In the August 2006 issue of PloS Medicine, researchers from Washington University in St. Louis Medical School reported findings that could give clinicians additional avenues for the treatment of age-related macular degeneration (AMD).

AMD is the leading cause of blindness in industrialized nations. There are two types of AMD: "Dry" AMD results from degeneration of the macula - the central and most cell-dense part of the retina - while "wet" AMD results from the inappropriate formation of blood vessels in the macula.

Wet AMD accounts for about only 10 percent of all AMD cases, but they are the most severe 10 percent; more than 90 percent of AMD-caused blindness stems from wet AMD cases.

Currently, two treatments exist for AMD. Photodynamic therapy is sometimes used, but "the most efficacious treatments so far are aimed at VEGF," or vascular endothelial growth factor, which is a major proangiogenic molecule, said first author Rajendra Apte, assistant professor of ophthalmology and visual sciences at Washington University Medical School in St.
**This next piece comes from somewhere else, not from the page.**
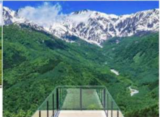
HAKUBA MOUNTAIN HARBOR THE CITY BAKERY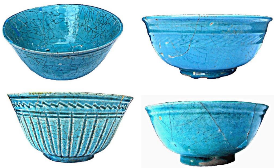
شکل ۳: نمونه‌هایی از سفال‌های لعاب‌دار تک‌رنگ فیروزه‌ای تولید شده در شهر اردبیل، سده ۱۰-۱۱ ه.ق (یوسفی، ۱۳۸۵)

در طول این دوره، علاوه بر موارد ذکر شده، گونه‌های دیگری از سفالینه‌های لعاب‌دار تک‌رنگ خمیره رسی تولید شده است که از آن جمله می‌توان به «سفال با لعاب تک‌رنگ لکه‌دار یا آبی لکه‌دار ایرانی ۱ »، اشاره کرد (شکل ۴). این سفال خمیره رسی نخودی مایل به قرمز با آمیزه ماسه‌بادی دارد و با تکنیک چرخ‌ساز ساخته شده است. فرم این سفال‌ها اغلب دهانه‌باز و شامل اشکال مختلفی همچون بشقاب یا قح بوده است. قسمت بالایی لبه این سفال‌ها از سمت داخل ظرف یک زاویه مایل و متمایل به بیرون دارند؛ فرم خاصی از لبه که در دیگر نمونه‌های این دوره شناسایی نشده است. بدنه این سفالینه‌ها با یک لایه لعاب غلیظ تک‌رنگ سبز تیره تا خاکستری روشن یا آبی تیره، پوشانده شده است. پوشش لعاب به واسطه داشتن ناخالصی‌های ریزدانه بسیار، بافت آن به صورت نقطه‌نقطه‌ای دیده می‌شود (Priestman, 2005: 270-271). این گونه سفالی در مناطق جنوبی ایران همچون قلعه لشتان (وثوقی و همکاران، ۱۴۰۰: ۲۷۲) و جزیره قشم (خسروزاده، ۱۳۹۱: ۶۰۳)، شناسایی شده است. برخی از پژوهشگران، این گونه سفالی را «شبه‌سلاون» معرفی کرده‌اند (Hansman, 1985: 52). به‌طور کلی تاریخی که برای این گونه سفالین در نظر گرفته شده، سده ۹ تا ۱۱ ه.ق است (Ibid). همین امر نشان می‌دهد که احتمالاً روند تولید برخی از سفالینه‌ها، قبل از دوره صفوی شروع شده و تا دوره صفوی نیز ادامه داشته است. مرکز تولیدی این گونه سفالین نیز مشخص نیست اما احتمال می‌رود در همان نیمه جنوبی ایران تولید شده باشد.

Louis. Those treatments include Lucentis (ranibizumab), from Genentech Inc., and Macugen (pegaptanib), from OSI Pharmaceuticals Inc. and Pfizer Inc. Genentech's antiangiogenesis cancer drug Avastin (bevacizumab), another VEGF inhibitor, also is used to treat wet AMD. (See BioWorld Today, July 5, 2006.)
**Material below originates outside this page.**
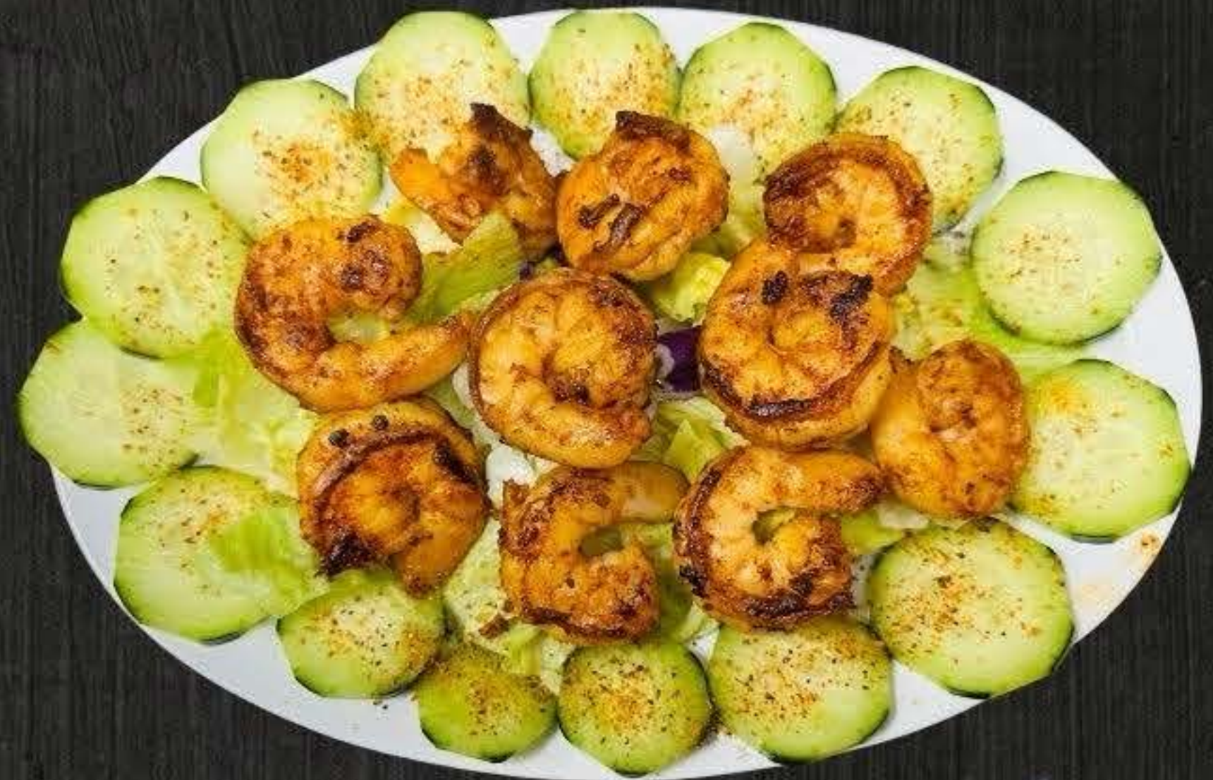
BOTANA DE CAMARON $16.50

Some previous studies found inflammation to exacerbate AMD, while others suggested that inflammation helped fight AMD; but on balance, the evidence favored the idea that macrophages make wet AMD worse.

The researchers studied the effects of chronic inflammation wet AMD and zeroed in on the role of macrophages by inducing AMD in an interleukin-10 knockout. IL-10 is an anti-inflammatory cytokine that usually inhibits macrophages, as well as T cells.

What they found was that in response to retina damage, IL-10 knockouts had significantly less blood vessel growth and increased numbers of macrophages in the macular area. The macrophages were able to respond to the retinal damage more efficiently because the IL-10 brakes were off. "There's no suggestion that there are an increased number of macrophages throughout the body," Apte said.

Injecting IL-10 directly into knockout eyes restored the blood vessel growth to that of controls, while injecting macrophages reduced its formation. As for the mechanism, the macrophages did not affect blood vessels directly, but via interaction with damaged retinal tissue.

"The finding opens up several therapeutic pathways," Apte said. For one thing, there's interleukin-10 itself; for another, the Fas-ligand pathway that it targets. Finally, another possibility is autologous cell based therapy with a patient's own macrophages.

The results, while pointing toward potential new treatments, do not speak directly to what causes people to develop AMD in the first place. But patients who are susceptible to AMD often have mutations in the gene for the immune system inhibitor complement factor H.

Given his teams' results, Apte speculated that "maybe patients who have AMD, or are susceptible to AMD, have similar differences in the IL-10 gene." He stressed that he and his colleagues currently have no data to back up that idea, but "if we are able to find such differences, we could really clue into what the cause of AMD is."